The output should be the listing below, limited to the lines from the one with "Oneil Cruz Pittsburgh" through the one with "2022年2月13日,正值梅", exact and without pictures.

:: Data records ::

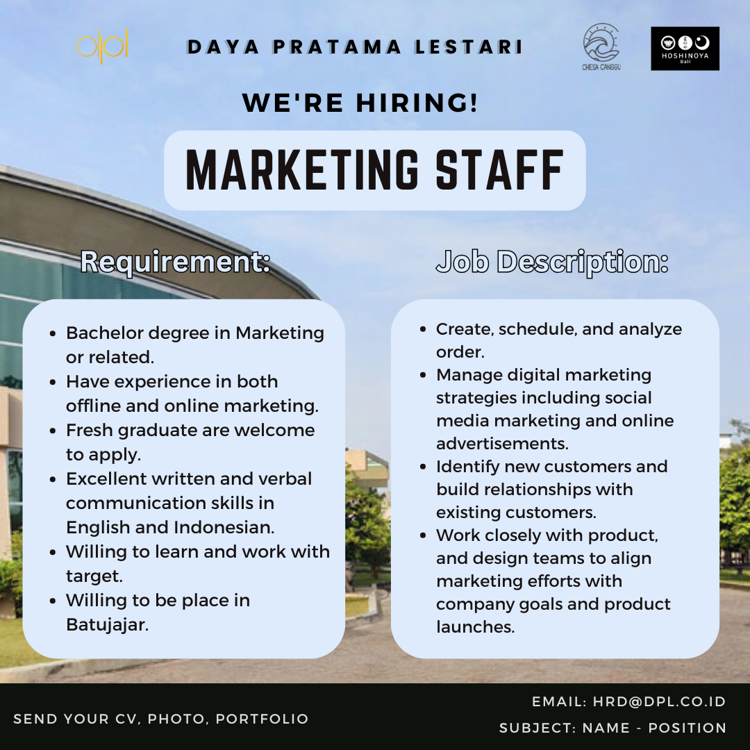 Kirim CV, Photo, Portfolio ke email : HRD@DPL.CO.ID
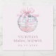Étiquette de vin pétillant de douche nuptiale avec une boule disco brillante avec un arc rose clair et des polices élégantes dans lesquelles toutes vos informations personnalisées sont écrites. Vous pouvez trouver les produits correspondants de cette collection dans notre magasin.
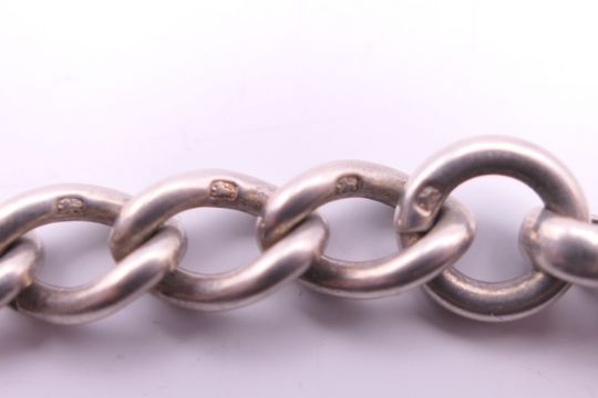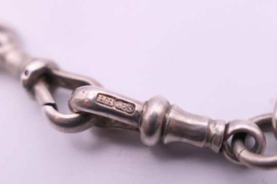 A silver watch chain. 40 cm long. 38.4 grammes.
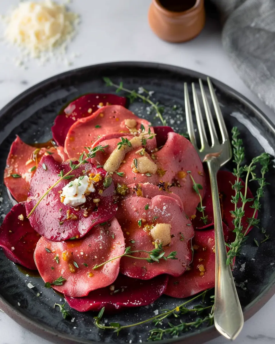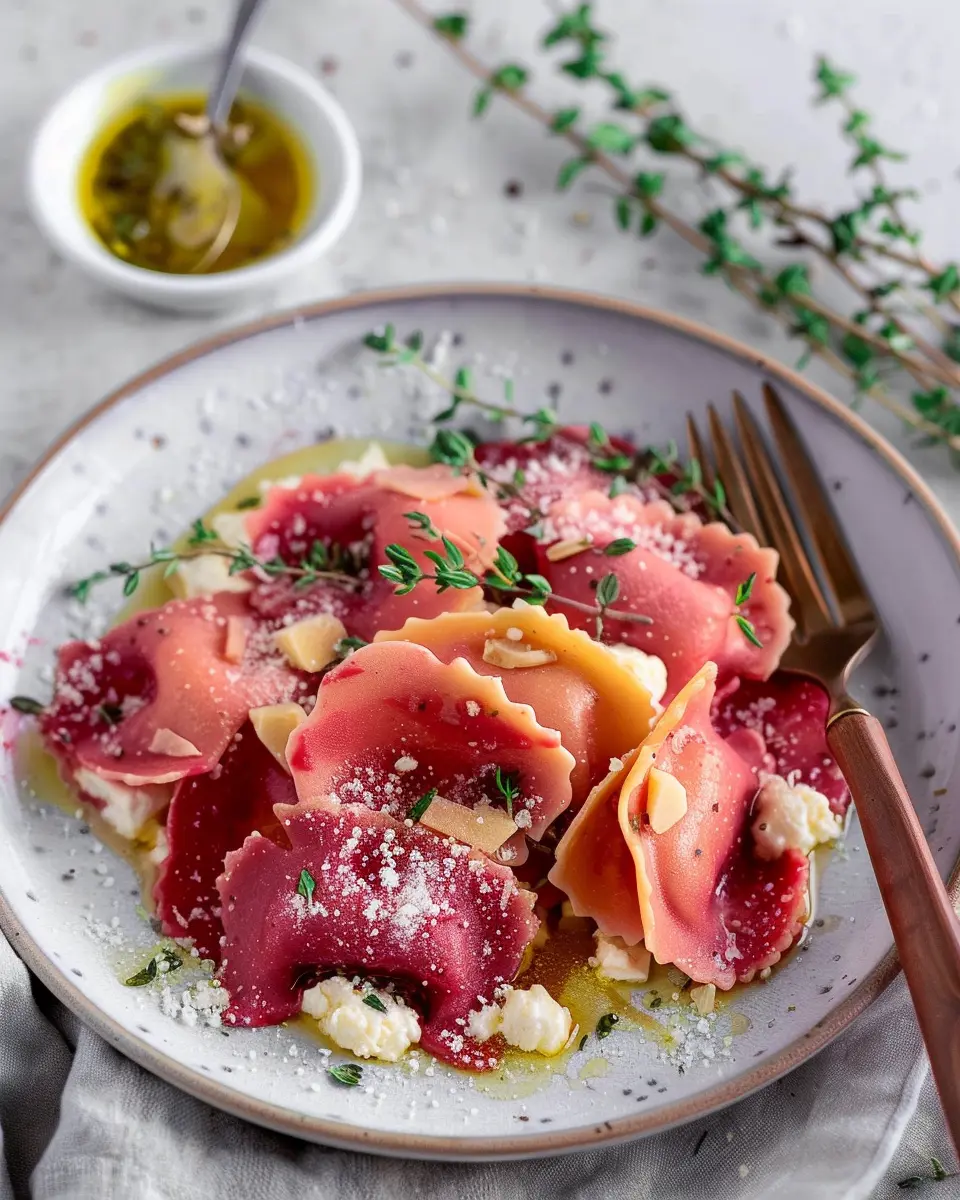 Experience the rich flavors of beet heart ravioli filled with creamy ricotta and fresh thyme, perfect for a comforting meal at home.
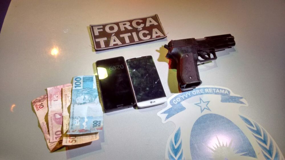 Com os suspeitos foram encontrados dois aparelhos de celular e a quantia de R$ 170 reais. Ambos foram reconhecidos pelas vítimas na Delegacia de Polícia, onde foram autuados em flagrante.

:::
:: Data records ::

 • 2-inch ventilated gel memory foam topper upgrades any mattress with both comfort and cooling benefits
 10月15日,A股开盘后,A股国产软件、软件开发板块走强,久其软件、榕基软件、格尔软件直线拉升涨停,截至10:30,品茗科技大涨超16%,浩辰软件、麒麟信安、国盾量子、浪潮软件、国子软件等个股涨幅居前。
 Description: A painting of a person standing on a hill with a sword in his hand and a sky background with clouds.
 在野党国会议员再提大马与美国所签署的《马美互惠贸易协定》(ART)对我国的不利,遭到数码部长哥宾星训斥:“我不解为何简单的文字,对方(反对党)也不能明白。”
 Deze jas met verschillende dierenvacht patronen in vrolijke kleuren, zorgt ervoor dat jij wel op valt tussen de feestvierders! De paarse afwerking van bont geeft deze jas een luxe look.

:::
:: Data records ::

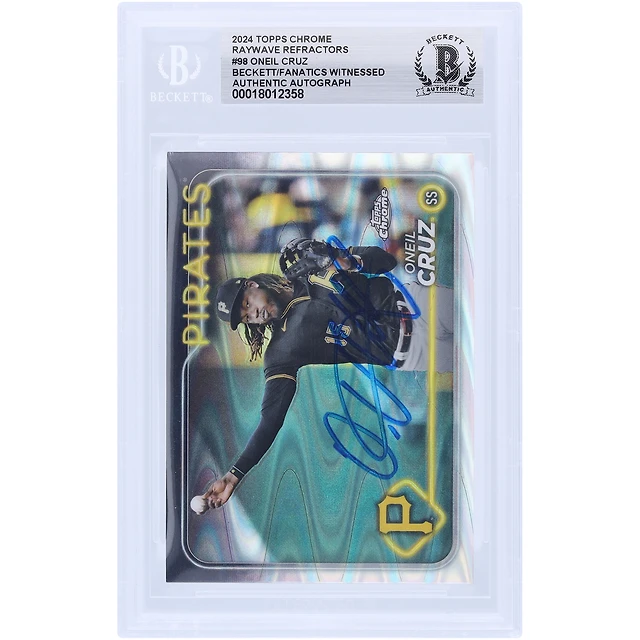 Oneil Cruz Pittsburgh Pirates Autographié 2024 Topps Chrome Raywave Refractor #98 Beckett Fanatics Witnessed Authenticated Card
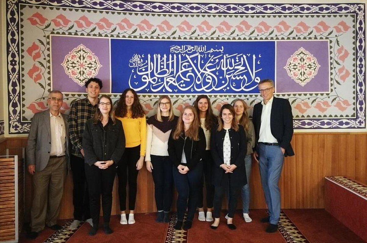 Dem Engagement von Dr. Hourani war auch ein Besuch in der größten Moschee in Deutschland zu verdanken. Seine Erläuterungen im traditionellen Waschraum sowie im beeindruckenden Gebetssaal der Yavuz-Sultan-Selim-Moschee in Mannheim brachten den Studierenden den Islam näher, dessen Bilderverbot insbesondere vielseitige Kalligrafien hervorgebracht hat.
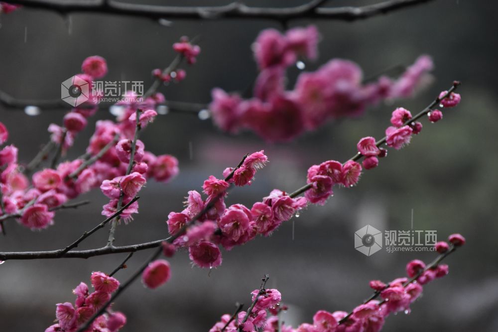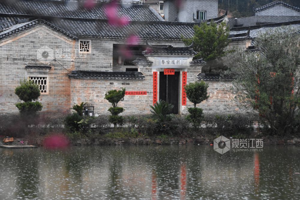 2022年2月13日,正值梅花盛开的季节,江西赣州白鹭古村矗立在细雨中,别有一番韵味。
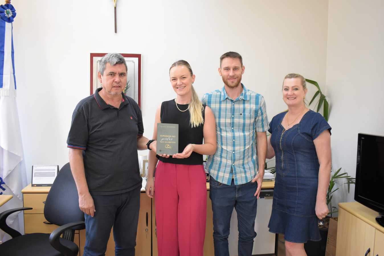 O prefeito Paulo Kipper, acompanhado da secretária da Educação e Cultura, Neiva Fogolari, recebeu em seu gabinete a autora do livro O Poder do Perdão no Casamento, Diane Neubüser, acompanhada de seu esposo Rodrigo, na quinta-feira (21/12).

:::

Answer box
 Oneil Cruz Pittsburgh Pirates Autographié 2024 Topps Chrome Raywave Refractor #98 Beckett Fanatics Witnessed Authenticated Card
 Dem Engagement von Dr. Hourani war auch ein Besuch in der größten Moschee in Deutschland zu verdanken. Seine Erläuterungen im traditionellen Waschraum sowie im beeindruckenden Gebetssaal der Yavuz-Sultan-Selim-Moschee in Mannheim brachten den Studierenden den Islam näher, dessen Bilderverbot insbesondere vielseitige Kalligrafien hervorgebracht hat.
 2022年2月13日,正值梅花盛开的季节,江西赣州白鹭古村矗立在细雨中,别有一番韵味。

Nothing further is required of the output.